Should you watch this show right now?   Yes, because it blends action, drama, blunt storytelling and a realistically bleak tone that proves to be addicting.   Sutter paints dread all around the exterior of the story because he never wants the viewer to forget the mistakes and weight of guilt that the characters walk around with.   These aren’t good people but they are interesting and worth following.  If you miss Sopranos, watch this show.  If you want something that works faster than Boardwalk Empire or Ray Donovan, watch this show.  If you want a show that holds up creativity wise (not Dexter), watch it now.
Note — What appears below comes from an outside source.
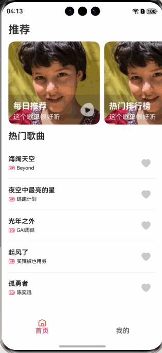 通过@State管理标签页索引currentIndex,当用户切换标签时,自动更新UI显示推荐歌曲或收藏歌曲。

Kurt Sutter aims to please here but torments your soul long after the finales rest.  He makes use of every detail of the plot in crafting his twists and reveals.  A sink full of water and dishes, a love of a man for a woman he can’t have, the effect of kids on a man’s decision and the length bad men run in order to be track down their soul.  You never forget what you are watching because the plot never slows down or gets too neat.  This is a show about how actions lead to bad things and how the amount of lies told can lead to a blunt clarity no one can handle.   Hunnam’s work here is the heart and soul of the show.  The actor can do more with a cold stare than most can do with three paragraphs.   His trek through the 7th season is worth sitting down tonight and catching up.  The best way to find out what the fuss is all about is to get a little dirty, watch and find out for yourself.

Brew a few pots of coffee, find a trusted brand of frozen pizza and settle in for the ride of your life with Sons of Anarchy.  It may not be an HBO or Showtime production, but as Mad Men and Breaking Bad have proved, there is a fine slice of television being performed on AMC and FX.   Once Sopranos wrapped up, everyone needed a fix for the criminal enterprise of entertainment.   SOA has filled that gap just fine and hasn’t lost a step in its 6 seasons.